Numa sociedade tão evoluída como a japonesa, causou-me certa estranheza que as trocas comerciais sejam feitas quase sempre em dinheiro.
Grande parte dos restaurantes e outras lojas não aceitam cartões de crédito tornando a vida do viajante ocasional algo complicada, até porque cada levantamento de dinheiro com cartão vem acompanhado de uma pesada penalidade em forma de comissão.
Depois, trocar euros por ienes é uma tarefa que apenas se pode fazer em máquinas próprias para o efeito, e estas, se bem que existam, são por vezes difíceis de encontrar.
Numa sociedade toda ela voltada para a inovação, achei estranho ter de andar com um monte de dinheiro nos bolsos para fazer as compras do dia-a-dia.
E se falamos de máquinas inovadoras, achei graça a uma que já vi por aí algumas vezes, chamada de vending machine e é colocada em restaurantes e similares.
O cliente dirige-se à máquina e no ecrã multifunções faz a sua encomenda, a máquina pede-lhe o dinheiro (julgo que aceitam cartões) e depois da transação efetuada sentamo-nos e esperamos que o nosso número seja anunciado ou que nos tragam a comida à mesa.
Na verdade, estas “japonezisses” servem, e muito, para facilitar a vida tanto a clientes como a funcionários.
De regresso ao embasbacamento que este povo nos provoca, retorno a mais um caso de ficar de boca aberta e queixo caído.
Entrámos numa loja “Seven/Eleven”, uma cadeia muito popular por aqui e por toda a Ásia, para adquirir já não sei o quê. Aproveitámos para perguntar à senhora atrás do balcão o caminho para o castelo, um monumento que pretendíamos visitar.
Na rua chovia a bom chover. A temperatura anunciava 1ºC grau positivo. Frio de rachar… portanto!

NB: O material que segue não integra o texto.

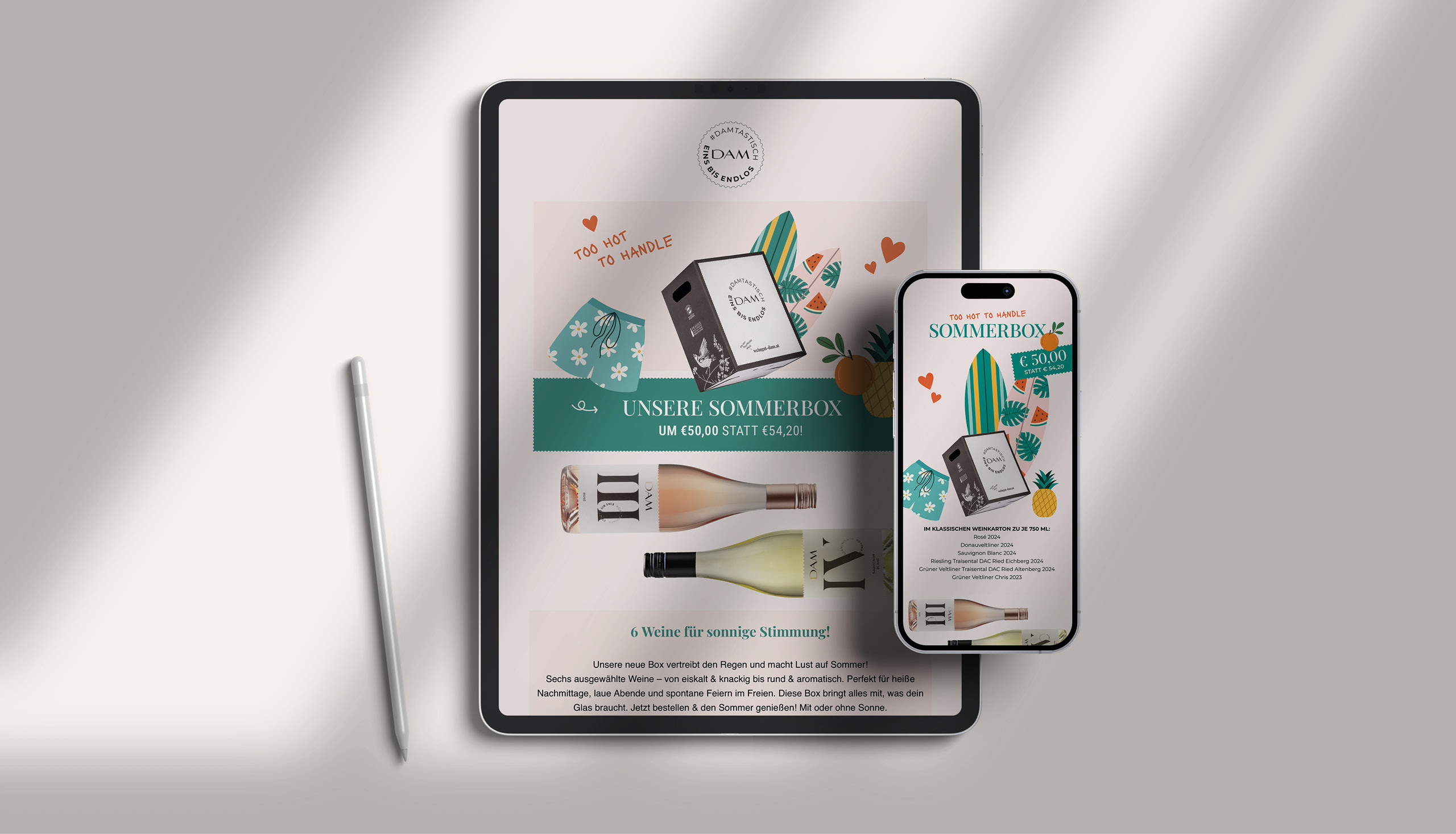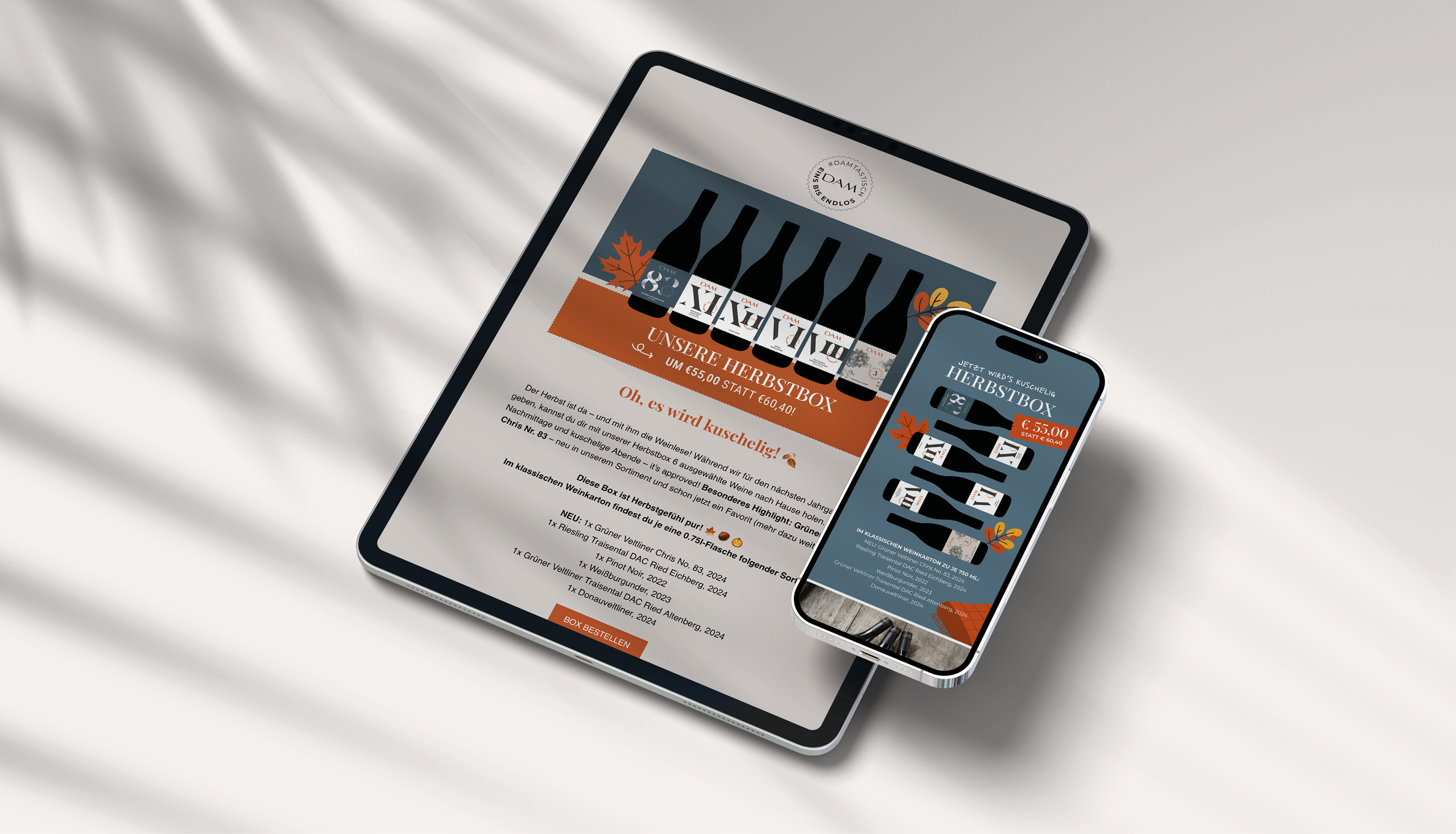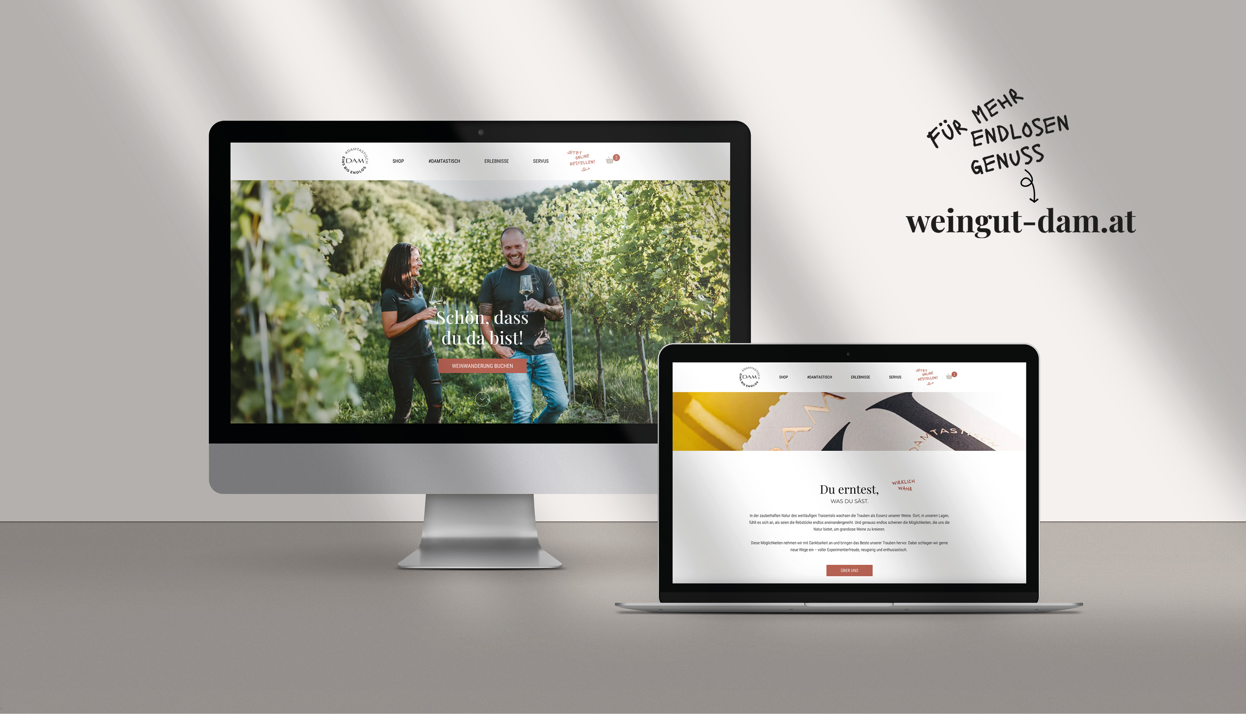 Website und Newsletter performen auf allen Devices zuverlässig, während Design, Story und Strategie perfekt ineinander greifen und präzise auf das Branding des Weinguts abgestimmt sind. Jedes Detail – vom Bildkonzept über die Texttonalität bis hin zu Layout und User Experience – ist durchdacht, damit die digitale Präsenz nicht nur Aufmerksamkeit erzeugt, sondern auch messbaren Mehrwert liefert. So entstehen Online-Lösungen, die verkaufen, die Marke stärken und gleichzeitig Freude machen. Die DAMs würden das übrigens #damtastisch nennen.

Mostrámos o mapa e tentámos comunicar com sorrisos e uma mistura de línguas e gestos. A tal senhora ainda fez menção de nos dar indicações no mapa. Nisto, manda-nos esperar um instante. Quando regressa vem de casaco vestido e decidida a abandonar o seu posto de trabalho para nos ajudar a encontrar o caminho, só que desta feita acompanhando-nos até uma artéria onde se via a entrada do monumento.
Mais uma vez ficámos sem palavras. Agradecemos do coração a esta gentil senhora, que abandonou o seu local de trabalho num dia de chuva e frio para nos acompanhar na descoberta do caminho para o tal monumento.
Na verdade, já me faltam adjetivos para poder qualificar a gentileza e disponibilidade deste povo. Só posso dizer: ainda bem que vivi para viver estes momentos, que fazem de mim uma melhor pessoa e me dão exemplos de comportamento que, na verdade, não me lembra de verem outro sítio.